Could anyone tell me how does Sklearn implement this one? The version I am using is 0.15.0.
Scikit-learn first calculates the precision, recall, and harmonic F-measure for each item in your set of lists ( [1,1,0,0], [1,0,0,1], [1,1,1,1]
). It then calculates the mean of those precision values, the mean of those recall values, and the mean of those f-measures, and returns those mean values. These are the P, R, and F values you report above.
It is helpful to calculate the precision, recall, and f-measure values for a single item in your list. To calculate the P, R, and F values for the third item in your list, you can run:
import numpy as np
from sklearn import metrics
predict = np.array([[1,1,1,1]])
expect = np.array([[1,0,0,0]])
smp_report = metrics.precision_recall_fscore_support(expect, predict, beta=1, average = 'samples')
f_report = metrics.f1_score(expect, predict, average = 'samples')
print f_report, smp_report
Running this code gives you 0.4 (0.25, 1.0, 0.40000000000000002)
. The values inside the parenthetical indicate the precision, recall, and f-measure for the classification (in that order).
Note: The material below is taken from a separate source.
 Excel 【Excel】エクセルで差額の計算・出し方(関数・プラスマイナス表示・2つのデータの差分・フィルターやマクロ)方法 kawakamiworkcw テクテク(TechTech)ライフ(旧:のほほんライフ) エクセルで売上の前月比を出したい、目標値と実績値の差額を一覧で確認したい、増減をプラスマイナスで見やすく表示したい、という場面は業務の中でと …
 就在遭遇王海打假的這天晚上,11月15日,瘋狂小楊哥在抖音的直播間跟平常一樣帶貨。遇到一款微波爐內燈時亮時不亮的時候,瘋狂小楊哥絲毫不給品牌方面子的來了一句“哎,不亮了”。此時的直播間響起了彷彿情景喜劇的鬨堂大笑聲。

As you can see, the f-measure is the harmonic mean between precision and recall:
2 * [(.25 * 1) / (.25 + 1) ] = .4
By swapping your first two lists into the code above, you can calculate the precision, recall, and harmonic f-measures for each of the three items in your data set:
first item values:
0.666666666667 (1.0, 0.5, 0.66666666666666663)
second item values
0.4 (0.5, 0.33333333333333331, 0.40000000000000002)
third item values
0.4 (0.25, 1.0, 0.40000000000000002)
SK then calculates the mean precision among these precision values, ie: 1 + .5 + .25 / 3 = .5833333333333333)
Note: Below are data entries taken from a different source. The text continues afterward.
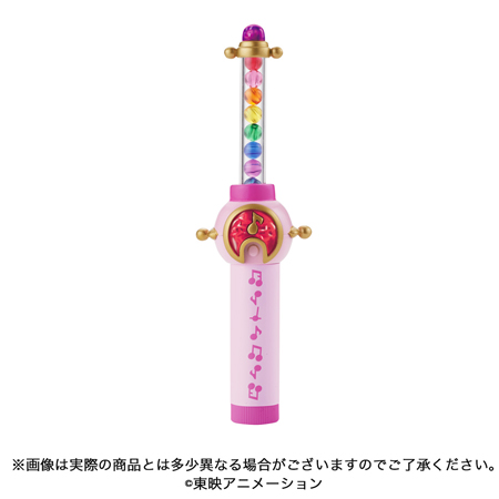 ピンク色をした柄の部分がリップクリームの容器になっていて、魔法玉の入った楽器本体部分は容器のキャップとなっています。
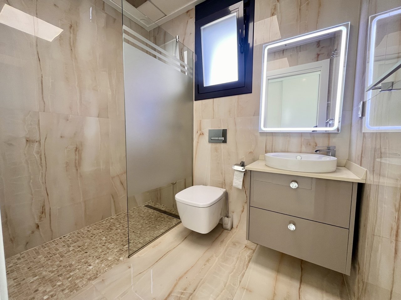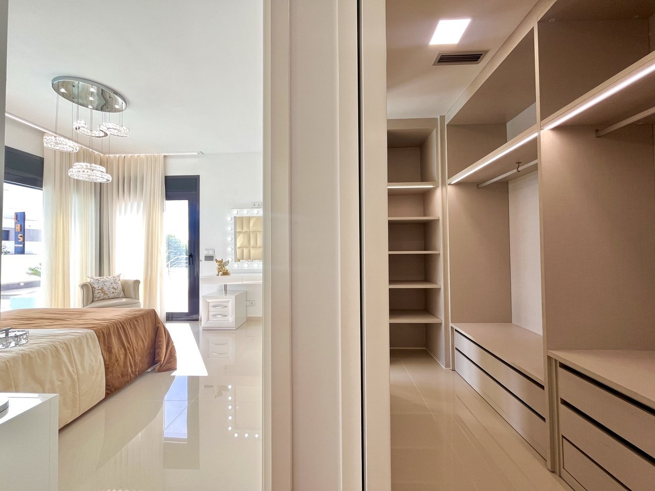 Welcome to this exceptional recently-built luxury villa at Residencial Bellavista, San Miguel de Salinas, offering a harmonious blend of contemporary design and breathtaking views. With a total of 5 bedrooms and 4 bathrooms, this meticulously crafted property spans two floors and a basement, accessible via a convenient elevator and a stunning glass staircase with interior lighting.The basement unfolds into a versatile game room with billiards and table football, a spacious celebration room featuring a full kitchen, 2 bedrooms, 2 storage rooms, and a well-appointed full bathroom. The main floor showcases a seamless living-dining space with an open-concept kitchen and central island, complemented by the main bedroom with an en-suite bathroom. Additionally, a laundry room and a guest toilet enhance the practicality of this level.Ascending to the first floor, you’ll discover two generously proportioned bedrooms, two bathrooms, and access to charming balconies. The crowning jewel of this luxury villa is the top-floor 70m² solarium, providing an unparalleled vantage point to savor panoramic views.This property boasts an array of sophisticated features, including air conditioning, a dedicated parking area for multiple vehicles, central heating with underfloor heating throughout, and an elegant furnishing scheme featuring designer furniture. Noteworthy equipment encompasses a pellet machine for heating, solar panels, an electric water heater, security windows and doors, and a comprehensive security system with sensors in every room.The residence is thoughtfully equipped with high-quality amenities such as motorized sofas, brand-new mattresses, a steam oven with pyrolysis, and a combo fridge that dispenses both normal and crushed ice.The outdoor space is a haven of luxury, featuring a private pool with a cascading waterfall, jacuzzi, and hydromassage. The meticulously landscaped poolside area is adorned with lush vegetation, and a convenient outdoor shower adds to the indulgent ambiance. Ample parking within the plot ensures convenience for multiple vehicles.Situated in Residencial Bellavista, just 7 kilometers from the Orihuela beaches, this enclave is surrounded by golf courses and hosts the area’s premier shopping center with an array of services, bars, restaurants, shops, and supermarkets. Ideal for nature and tranquility enthusiasts, this residence offers a lifestyle of unparalleled elegance and comfort.
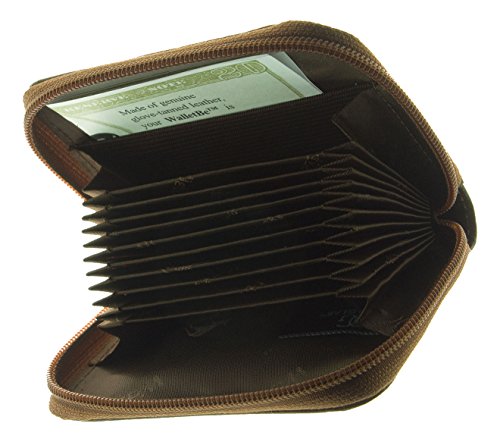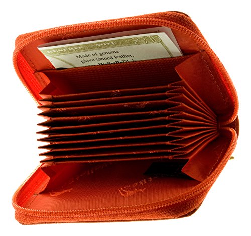 -. Feature : Actual Size: 4-1/4" x 3" / Women's Leather ID Accordion Wallets / Exquisite hand finished Italian leather / Holds at least 9 credit cards. Convenient outer ID display / Elastic cash band/Zipper enclosure for change

, the mean recall among these recall values, (.5 + .333 + 1 / 3 = 0.61111111111111105)
, and the mean f-measure among these f-measures (.666 + .4 + .4 / 3 = 0.48888888888888893)
, and returns those mean values. These are the values you report above. SK is calculating the harmonic mean for each classification event--it's simply returning the mean of those harmonic means.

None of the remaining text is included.